KOTA METRO, 11 November 2025 – Komitmen Pemerintah Kota Metro untuk mewujudkan infrastruktur berkualitas dan mengatasi masalah banjir dipertanyakan setelah munculnya dugaan pengerjaan proyek jalan dan drainase yang terkesan "asal jadi". Proyek yang nilainya mencapai ratusan juta hingga miliaran ini disebut minim material dan tidak sesuai spesifikasi teknis.
Kadis PUTR Beri Klarifikasi dan Janji Tindakan Tegas
Menyusul maraknya pemberitaan, Kepala Dinas PUTR Kota Metro, Ardah, meminta pertemuan klarifikasi dan menyatakan ketegasan dinasnya. Ardah menekankan bahwa dinas tidak akan menoleransi pekerjaan yang tidak sesuai Rencana Anggaran Biaya (RAB) dan spesifikasi.
"Kami tidak akan membiarkan pekerjaan yang tidak sesuai dengan RAB. Jika ada laporan atau temuan, kami akan segera turun ke lokasi dan meminta kontraktor untuk membongkar dan memperbaiki pekerjaan yang tidak sesuai," ungkap Ardah, Senin (10/11/2025).
Ia menambahkan bahwa jika pekerjaan tidak bagus, Dinas PUTR tidak akan menutupi atau melindunginya, bahkan akan memberikan sanksi hingga tidak dibayarkan.
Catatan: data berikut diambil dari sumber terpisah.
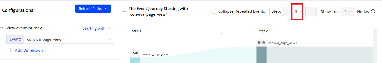 5. Specify the event path step numbers from the right corner of the page. For example, set the step number is 3. As a result, the Paths chart shows 3 steps after the starting point.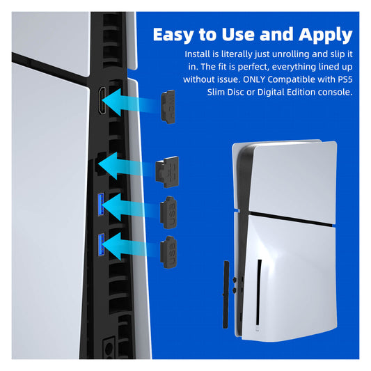 ECHZOVE Dust Cover Net for PS5 Slim Console, Dust Filter for Playstation 5 Slim Disc/Digital Edition, Fitted With Silicone Plugs,Prevent Dust and Pet Hair for PS5 Slim Game Console Accessories
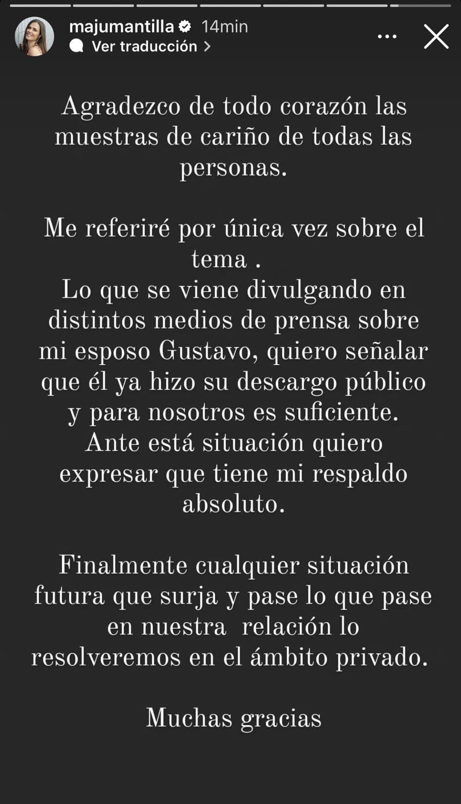“Agradezco de todo corazón el cariño de todas las personas. Me referiré por primera vez sobre el tema. Lo que se viene divulgando en distintos medios de prensa sobre mi esposo Gustavo, quiero señalar que él ya hizo su descargo público y para nosotros es suficiente. Ante esta situación quiero expresar que tiene mi respaldo absoluto”, se lee en las primeras líneas de la publicación.
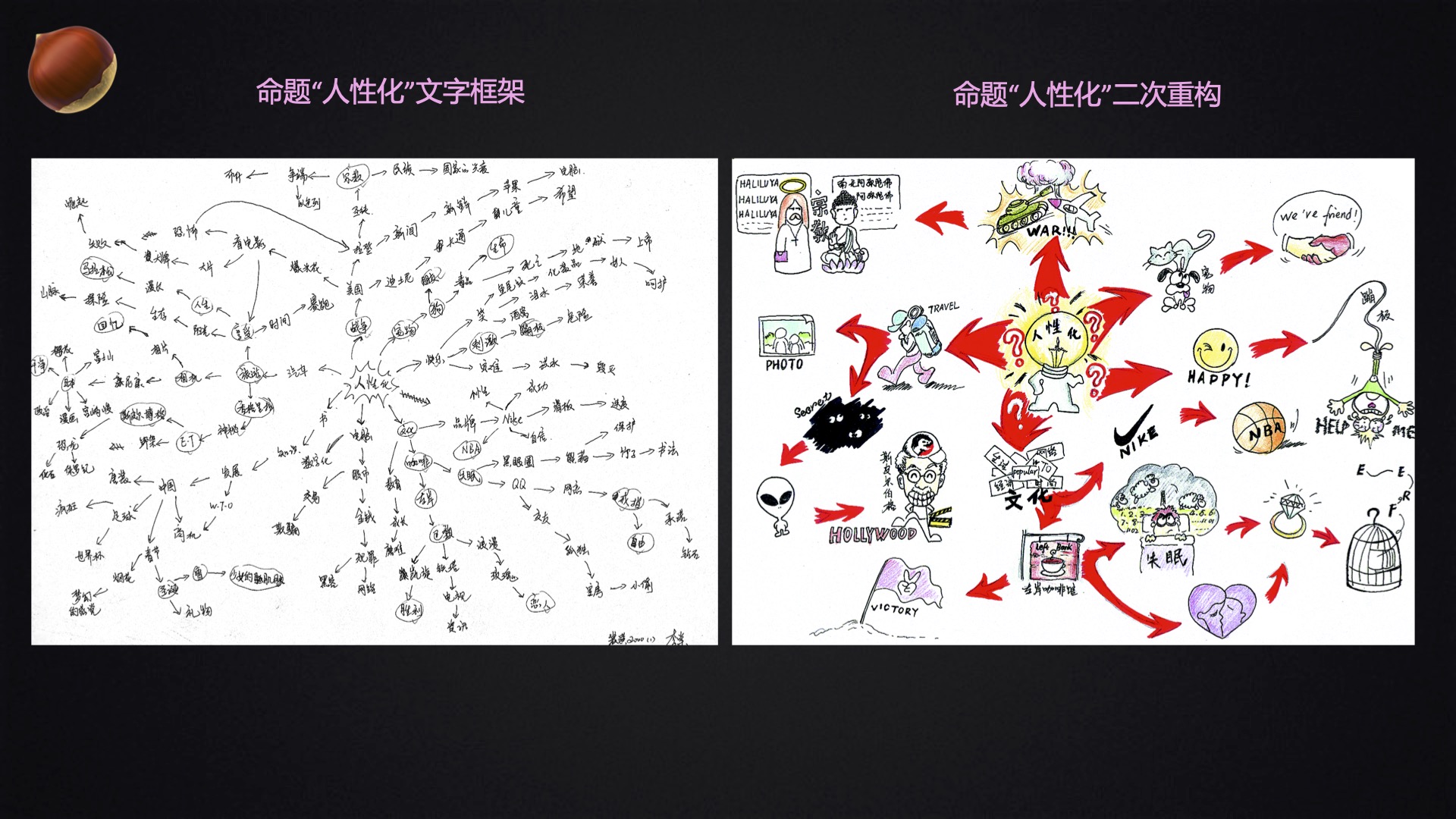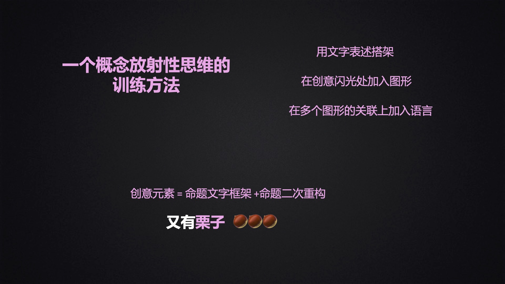 3、联想是创意来源的最重要的动作,除了日常大家会组织的“头脑风暴”之外,通过文字表述框架搭建在道二次重构可以帮助大家进行发散出与收敛;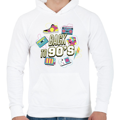 1 kép PRINTFASHION Back to the 90's - Férfi kapucnis pulóver - Fehér

Ardah juga memastikan bahwa Pre-Construction Meeting (PCM) selalu diadakan untuk memastikan kontraktor memahami Standar Operasional Prosedur (SOP) proyek.
Temuan Lapangan: Jalan Datar dan Drainase Minim Material
Hasil temuan investigasi menunjukkan adanya dugaan penyimpangan teknis yang fatal:
Jalan: Sebagian besar proyek peningkatan jalan diduga dikerjakan "asal jadi". Secara teknis, jalan seharusnya dirancang cembung (cross slope) untuk memastikan air hujan mengalir cepat ke drainase, namun hasil pengerjaan di Metro tampak datar seperti lapangan futsal dengan aspal yang tipis dan mudah rompal.
Drainase: Proyek peningkatan rehabilitasi drainase dengan pagu anggaran ratusan juta diduga minim material semen dan masih menggunakan bahan material lama. Kualitasnya bahkan dinilai jauh lebih rendah dari proyek drainase yang dikerjakan oleh POKMAS (Kelompok Masyarakat) senilai Rp 25 juta hingga Rp 40 juta.
Mengingat Kota Metro merupakan wilayah yang terdampak banjir, proyek drainase seharusnya melalui analisis hidrologi dan hidrolika yang cermat. Jika proyek infrastruktur tidak sesuai spesifikasi, penanggung jawabnya dapat dikenai sanksi pidana dan administrasi, serta wajib mengembalikan kerugian negara.
Masyarakat kini menunggu realisasi ketegasan Kepala Dinas PUTR Kota Metro untuk mengevaluasi dan membongkar pekerjaan yang bermasalah.